1

I am trying to import 10 billion records. Started tested with importing 1 billion records. Import time getting worst as the records gets inserted. Here are configurations and stats.

Mongo db version - 3.4
Documents - 1226592923
Routers(m4.xlarge) 2 
Config 3
Nodes(i3.large,15GB nvme ssd)  Import time(hrs)
5                              14:30:00
10                             8:10:00

Each Document has around 7 fields. Shard key is on 3 fields. Followed all the recommendations at https://docs.mongodb.com/v3.4/reference/ulimit/#recommended-ulimit-settings.

Import options

--writeConcern '{ w: 0, j: false }'
--numInsertionWorkers 8

Even tried disabling journal(--nojournal), but no much difference.

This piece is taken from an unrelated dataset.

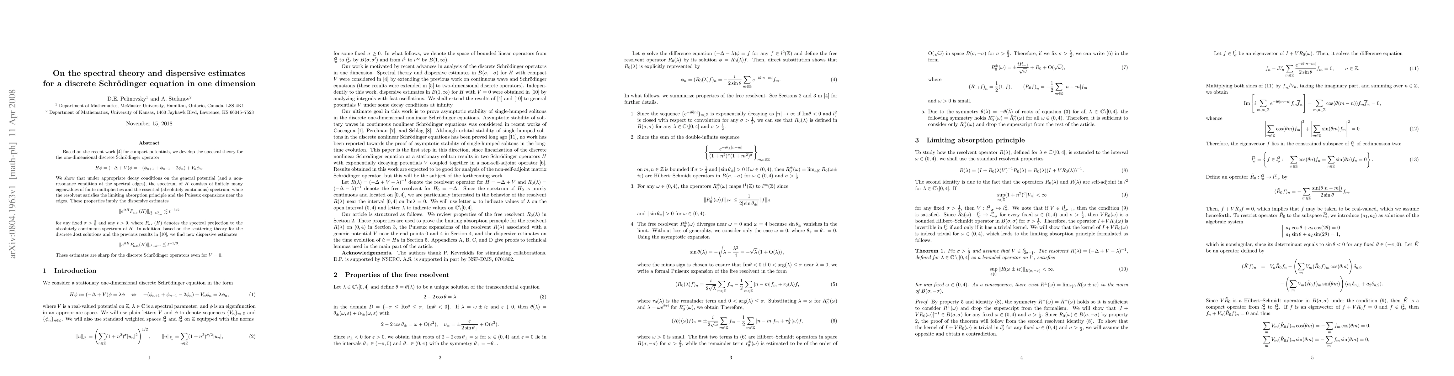 This paper develops the spectral theory for a one-dimensional discrete Schrödinger operator under general potential decay conditions, showing it has finitely many eigenvalues and an essential spectrum. It proves dispersive estimates for the operator, including $$ \|e^{i t H} P_{\rm a.c.}(H)\|_{l^2_{\sigma} \to l^2_{-\sigma}} \lesssim t^{-3/2} $$ and $$ \|e^{i t H} P_{\rm a.c.}(H)\|_{l^1\to l^\infty}\lesssim t^{-1/3}, $$ which are sharp even for zero potential.
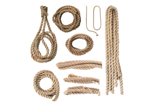 Set of ropes in different state isolated on transparent background. Transparent PNG.

Not sure if this is the expected import time. Or is the way I can do anything else to improve ingestion rate?

  • 1
    Is the collection indexed? What format is the data, and how was it created (mongoexport / mongodump)? – robjwilkins Dec 11 '17 at 15:55
  • 1
    you may get some specific/better help over at https://dba.stackexchange.com/ – user3788685 Dec 11 '17 at 16:00
  • Did you set up the splits on the shards before inserting the 10b docs? Nice blog on the performance pik-up here: https://blog.zawodny.com/2011/03/06/mongodb-pre-splitting-for-faster-data-loading-and-importing/ – Buzz Moschetti Dec 11 '17 at 16:19
  • @robjwilkins I tried both with and without indexing, but no much difference. Data is is json format, generated from spark – karthik kalletla Dec 11 '17 at 17:19
  • I agree with @BuzzMoschetti, you should definitly pre-split de the collection before starting your insertions. If you don't, the balancer will do it afterwards and it will take forever :/ – Henri-Maxime Ducoulombier Dec 11 '17 at 20:14

1 Answers1

0

Here are some of the factors made a lot of improvement in importing

  1. Pre-splitting
  2. Sorting data
  3. Disabling the balancer sh.stopBalancer()
  4. Turning off auto split during load(sh.disableAutoSplit() or restart the mongos without --noAutoSplit)
  5. Indexing after loading complete data

References:

  1. https://blog.zawodny.com/2011/03/06/mongodb-pre-splitting-for-faster-data-loading-and-importing/
  2. https://stackoverflow.com/a/19672303